Disclaimer: I do not own any part of Gundam Wing. No profit was gained in the making of this fic.

Trowa's Day of Sobriety

The slap stings and I wonder why it is that women always go for the face.

"It's more effective if you close your hand into a fist." I tell her gently.

The woman, Sherry, is glaring at me, chest heaving in anger and I take a moment to appreciate her nice tight package. Perfect breasts, not too big and not too small. Pert too.

"Trowa Barton, you are such a bastard!"

Voice like a shrew though.

Watching her stalk away, I shrug and head over to the bar. I've perfected this scenario with practice, fancy restaurants always have a lounge bar.

The bartender is eyeing me with a mixture of sympathy and curiosity. I shed my jacket and loosen my collar before sitting on the stool at the counter.

"Whiskey. Dry."

My voice is composed and I wonder if I should be feeling anything. Hurt? Angry? I can't be bothered to strive for either and just take the drink when it arrives. The bartender continues to watch me.

"How long was this one?"

"One month, two days, twelve hours and . . . " I glance down at my watch, "thirty-six minutes."

He makes a clucking noise with his tongue and I look up at him, curious. Normally when I come here he doesn't say anything, just hands me my drinks and leaves me alone. One of the reasons I like the place. Proof that humanity really is, just one big fuck you.

Seems like you can't count on anyone these days.

"You sure are hard on the ladies. That's what, the third one since December? Love'm and leave'm, huh?"

I finish off the drink and gesture for him to fetch me another. "Who said anything about love?"

He sets the second whiskey down in front of me and shakes his head. "That's cold."

Cold? Maybe I am. The last girl I dated called me mercenary. She didn't understand why I found that so funny.

Take what I need and get the hell out. Infiltration tactics crafted for life.

Today is just like any other day.

I don't use them just for the sex, though I admit that's a large part of it. There's something very satisfying about the feel of a woman as she comes under your hands. The sound of her moans, the way she writhes and grasps, it's almost as good as coming yourself.

But if it was just sex I wanted, I could easily go out and find a prostitute.

No, it's not just the sex. And that's why the women never stick around for very long. Why I don't let them stick around for very long. I don't know what I'm looking for. Companionship? Somebody who understands? Someone to make this hole inside me not feel so vast?

Working in the circus, you come to realize that most people are only willing to see as far as the mask you put on. Nobody wants to get to know the person under the paint. They just want the show, the happy clown. And you begin to slowly disappear, until all that's left is the act and nothing more.

I'd rather be a mercenary in truth, then a fool living a lie.

So I quit.

I'm not cold, though I may be a bastard. I just want something real.

"You must love somebody. Your best friend. You have a best friend?"

The bartenders talking again and I'm tempted to finish my drink and leave but something holds me there.

"Sure." I tell him flippantly, "His names Jack Daniels." And I hold my glass up in a mock toast.

"You won't find a friend in a bottle of whiskey."

I'm amused by how emphatic he sounds, this bartender, and I smirk to show how little his comment means to me.

"You don't think so?"

"I think you're looking for answers in the wrong place. No truths to be found there."

I don't like the direction of the conversation anymore and wish he'd go away. He doesn't however, he just brings me my third glass and watches me drink it.

There are those who consider me their friend.
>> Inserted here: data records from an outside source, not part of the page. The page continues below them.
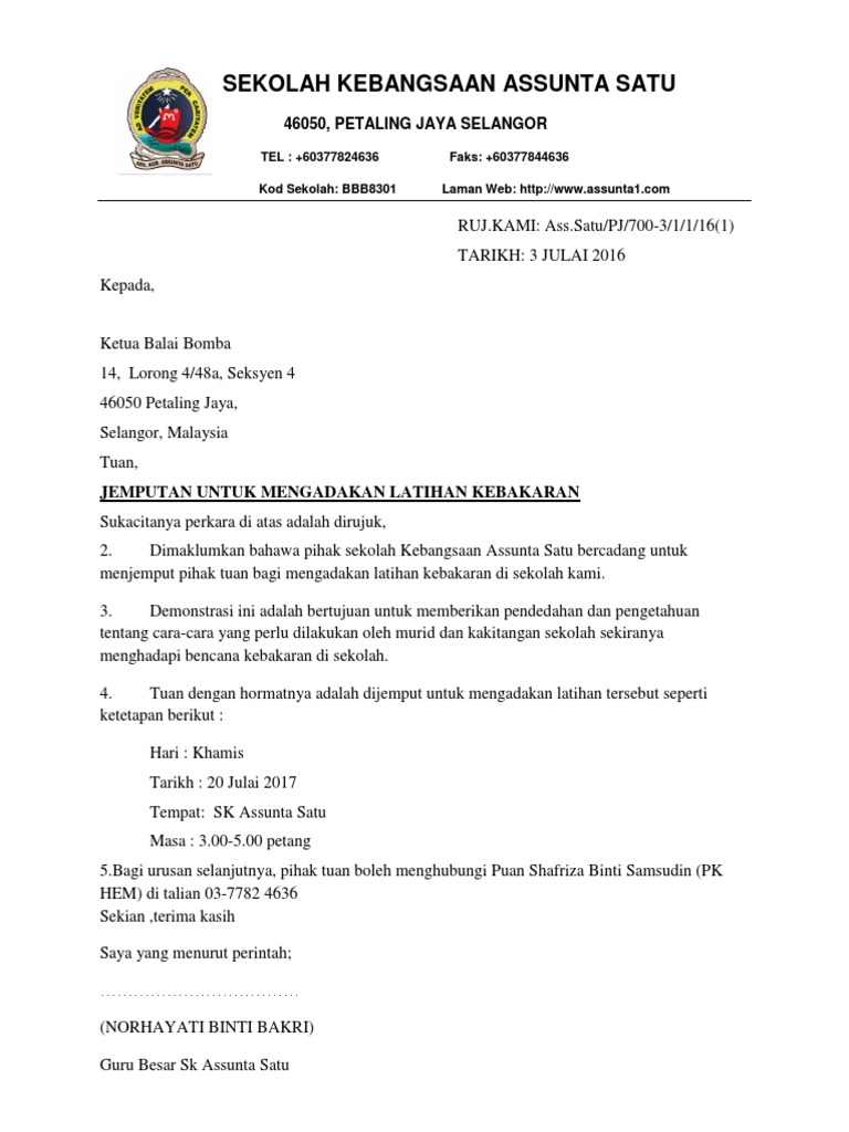 Contoh Surat Jemputan Kepada Bomba Untuk Latihan Kebakaran : Fungsi surat permohonan adalah untuk menyampaikan keinginan pemohon kepada termohon secara resmi.. Dengan segala hormatnya semua dijemput hadir ke program gotong royong yang dianjurkan oleh selain daripada itu, program sepertiini diharap akan dapat mengekalkan keharmonian penduduk. Pihak bomba akan menilai dan menerangkan tentang latihan yang telah dilaksanakan. Text of contoh surat jemputan. Contoh surat perintah mutasi kerja atau pindah tugas. Contoh surat pribadi singkat untuk ibu berisi permohonan maaf kepada ibu.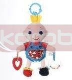 Bobas dla bobasa! Wesoła materiałowa lalka w kształcie małego chłopczyka to zawieszka, która towarzyszyć może dziecku w dowolnym miejscu, zarówno na spacerze, jak i w domowym zaciszu. Zabawka kryje w sobie wiele niespodzianek. Zdobią ją gryzaki oraz grzechotka, a sam materiał, z którego została wykonana odznacza się zróżnicowanymi fakturami, które stymulować będą zmysł dotyku dziecka. Praktyczna zawieszka pozwoli przyczepić lalkę w dowolnym miejscu.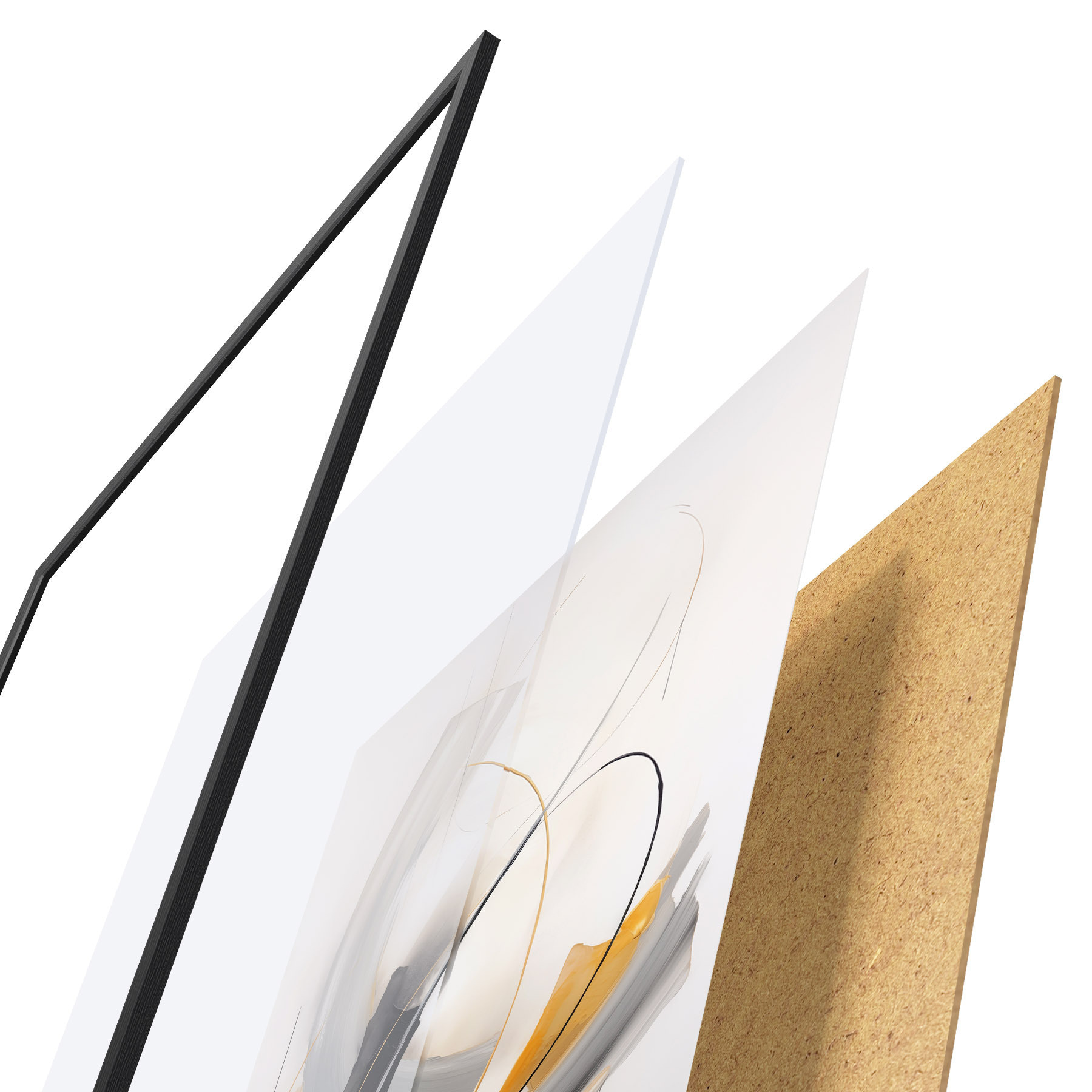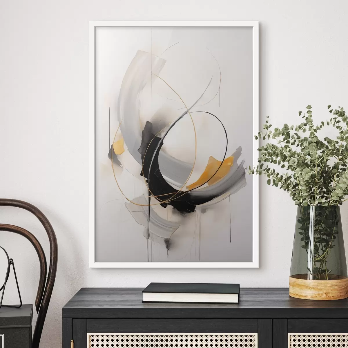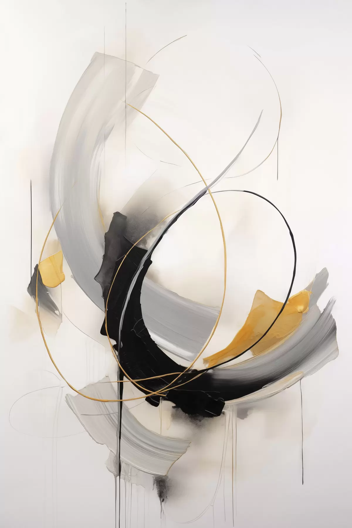 Poster Peinture abstraite avec des touches de jaune, noir et blanc, lignes dynamiques Nr f47035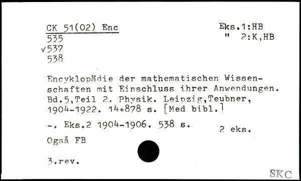 Encvklopädie der mathematischen Wissenschaften mit Einschluss ihrer Anwendungen.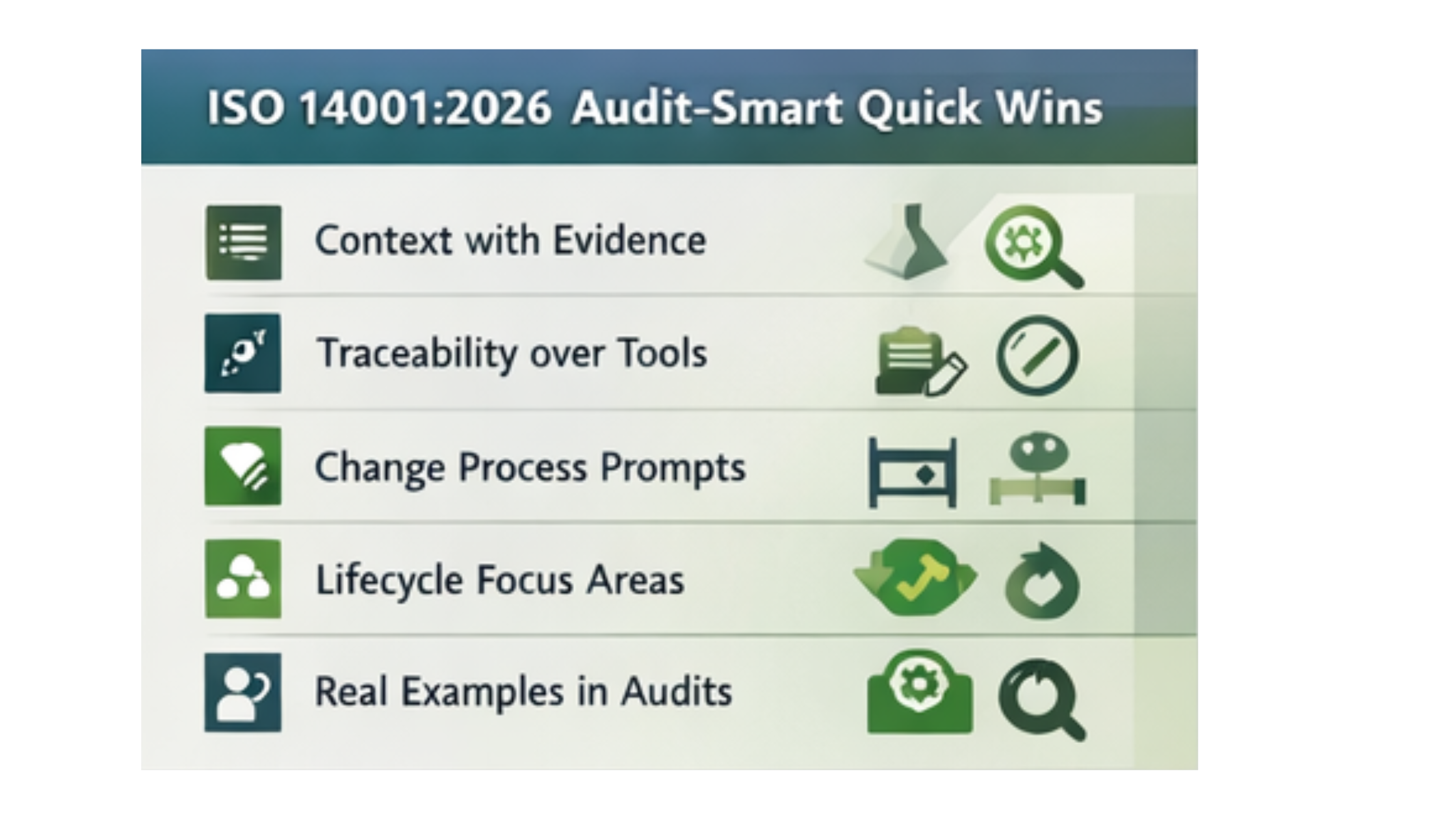 For organisations already operating a mature ISO 14001 system, the transition to the 2026 edition does not require structural upheaval. In practice, a few targeted actions often deliver most of the compliance and audit readiness benefits.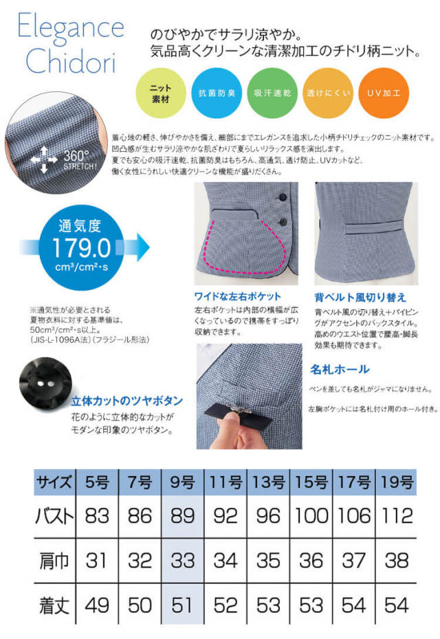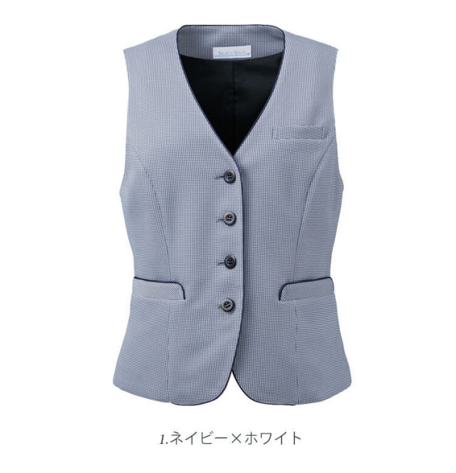 どんな動きもステキに魅せる軽やかなオールシーズンベストスタイル。受付・金融窓口対応やショールーム、カーディーラー、クリニックなど幅広いお仕事で活躍できる制服です。安心の抗菌防臭加工を施した爽やかな風を通すサマーニットを採用しました。気品のあるチドリチェックの優美な趣で、お客様を涼やかにお迎えできます。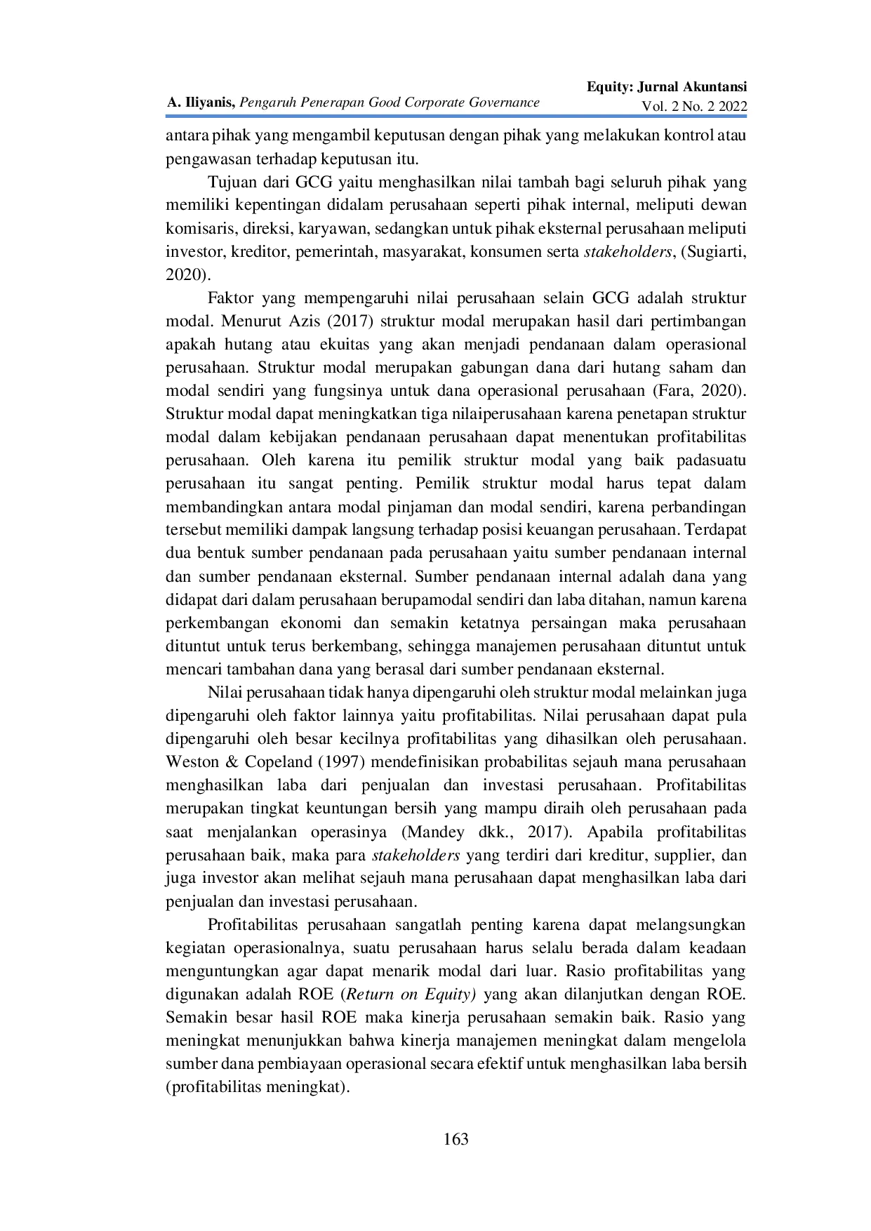 Equity: Jurnal AkuntansiEquity: Jurnal AkuntansiPeneliti ini memiliki tujuan untuk menganalisis dan menguji pengaruh Good Corporate Governance (GCG), struktur modal, profitabilitas terhadap nilai perusahaan. Jenis penelitian ini yaitu penelitian kuantitatif. Populasi dalam penelitian ini adalah perusahaan Property dan Real Estate yang terdaftar di Bursa Efek Indonesia (BEI) pada tahun 2018-2020, yang berjumlah 65 Perusahaan. Pengambilan sampel menggunakan Purposive Sampling, dan berdasarkan kriteria yang diterapkan diperoleh sebanyak 15 perusahaan. Sumber data yang digunakan merupakan laporan keuangan dan annual report. Metode yang digunakan untuk menganalisis data yaitu analisis Regresi Linier Berganda, dengan uji F dan uji t yang dibantu dengan program SPSS (Statictical Product and Service Solution). Hasil dari penelitian ini menunjukan bahwa (1) Good Corporate Governance (GCG), struktur modal, profitabilitas berpengaruh seara simultan terhadap nilai perusahaan (Tobins Q); (2) berdasarkan hasil uji t yang telah dilakukan, diantara variabel Good Corporate Governance (GCG), struktur modal, profitabilitas yang berpegaruh paling dominan terhadap nilai perusahaan (TobinsQ) adalah Good Corporate Governance (GCG).

Shallow acquaintances who know nothing about me. Women to flirt with over the water cooler or across the desk. Men to rib and trade rude comments with. All about as solid as this glass of whiskey.

Drown your pain, drown your fears.

Being honest with myself is an uncomfortable practice I try to avoid as much as possible.

What am I so afraid of?

Being alone.

Maybe that's the reason behind the women, since I'm being honest and all. Wallowing in my own-self pity. Nobody understands poor little Trowa. Just one more sad clown. All alone with no home to call your own.

Glasses four and five join the others on the bar and I line them up, silent soldiers, mocking me.

"I thought I was here to get drunk."

Who knew honesty was so sobering? I should have stuck with Sherry, at least she gave a good head.

The glasses are empty and the bartender was right. No great truths to be found there.

"You don't seem very drunk to me." He reaches over to take the glasses and I catch his arm. I've noticed something I missed before.

Five glasses.

I touch each one individually, counting again.

Laughter followed by swearing.

Five faces.

The light hits them and they glow warmly.

A newly discovered smile.

Five names.

Not just one, never just one.

Eyes that hold sorrow wrapped in control.

Five friends.

I never was alone.

The tap of fingers and an impatient twitch.

Five.

The whiskey might not hold any truths, but the empty glasses do.